Chapter 2 Diversity Indices in R | Practical exercises for Methods in Macroecology and Macroevolution module (3)

To demonstrate why we need the randomisations, look at two curves for just one permutation each.

# Fit one curve with just one permutationpokemon.curve1 <- specaccum(pokemon.matrix, method = "random", permutations = 1)# Fit another curve with just one permutationpokemon.curve2 <- specaccum(pokemon.matrix, method = "random", permutations = 1)# Set the plotting window so we can plot two plotspar(mfrow = c(1,2))# Plot the first curveplot(pokemon.curve1,  xlab = "number of sites", ylab = "cumulative number of Pokemon species")# Plot the second curveplot(pokemon.curve2,  xlab = "number of sites", ylab = "cumulative number of Pokemon species")

Chapter 2 Diversity Indices in R | Practical exercises for Methods in Macroecology and Macroevolution module (4)

# Reset the plotting window so we see just one plot againpar(mfrow = c(1,1))

Finally to estimate total species richness across all sites we can (again) use many different metrics. Some common ones include Chao 2 (Chao 1987), Jackknife and Bootstrapping approaches and these are easy to estimate using the vegan function specpool.

# Estimate diversityspecpool(pokemon.matrix)
## Species chao chao.se jack1 jack1.se jack2 boot boot.se n## All 10 11.8 3.394113 11.8 1.272792 12.68889 10.90352 0.7502033 10

Estimates range from 10.9 \(\pm\) 0.75 (boot) to 11.8 \(\pm\) 3.39 (chao). So we can be fairly confident there are between 10 and 15 (\(11.8 + 3.39 = 15.19\)) Pokemon in the Museum.

2.7 Practical exercise

In the data folder there is another (invented) dataset using British bats called bat-communities.csv. Read in the data, manipulate it as required by vegan, then answer the following questions.

  1. Which site has the fewest species?

  2. How many different species are there in total?

  3. What is Simpson’s diversity index for Site J?

  4. Draw a species accumulation curve for the bats and estimate the total number of species. If you round up numbers with decimal places, what is the maximum number of species estimated by any metric?

References

Chao, Anne. 1987. “Estimating the Population Size for Capture-Recapture Data with Unequal Catchability.” Biometrics, 783–91.

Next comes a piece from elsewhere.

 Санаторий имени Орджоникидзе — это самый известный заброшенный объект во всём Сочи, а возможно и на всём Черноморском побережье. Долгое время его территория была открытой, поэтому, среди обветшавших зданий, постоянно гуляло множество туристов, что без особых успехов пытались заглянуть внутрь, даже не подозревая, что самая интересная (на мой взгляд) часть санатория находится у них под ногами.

Hill, Mark O. 1973. “Diversity and Evenness: A Unifying Notation and Its Consequences.” Ecology 54 (2): 427–32.

Koleff, Patricia, Kevin J Gaston, and Jack J Lennon. 2003. “Measuring Beta Diversity for Presence–Absence Data.” Journal of Animal Ecology 72 (3): 367–82.

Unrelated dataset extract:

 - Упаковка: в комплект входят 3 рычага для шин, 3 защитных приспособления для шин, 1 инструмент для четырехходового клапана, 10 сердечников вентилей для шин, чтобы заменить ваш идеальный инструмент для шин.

Whittaker, Robert H. 1972. “Evolution and Measurement of Species Diversity.” Taxon 21 (2-3): 213–51.

Whittaker, Robert Harding. 1960. “Vegetation of the Siskiyou Mountains, Oregon and California.” Ecological Monographs 30 (3): 279–338.

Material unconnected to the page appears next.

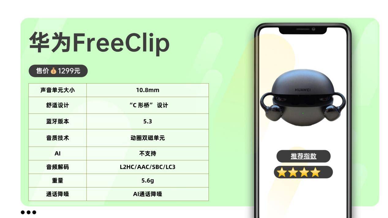 音质表现上,FreeClip配备10.8mm双磁路单元,还融合了华为自研的空间音频技术与头部追踪功能,能实现小于1°的精准动态校准。无论是观影还是听音,声场会随头部转动自动调整,为用户带来更强的沉浸音效体验。

Chapter 2 Diversity Indices in R | Practical exercises for Methods in Macroecology and Macroevolution module (2024)
Top Articles
Latest Posts
Article information

Author: Rubie Ullrich

Last Updated:

Views: 6249

Rating: 4.1 / 5 (72 voted)

Reviews: 95% of readers found this page helpful

Author information

Name: Rubie Ullrich

Birthday: 1998-02-02

Address: 743 Stoltenberg Center, Genovevaville, NJ 59925-3119

Phone: +2202978377583

Job: Administration Engineer

Hobby: Surfing, Sailing, Listening to music, Web surfing, Kitesurfing, Geocaching, Backpacking

Introduction: My name is Rubie Ullrich, I am a enthusiastic, perfect, tender, vivacious, talented, famous, delightful person who loves writing and wants to share my knowledge and understanding with you.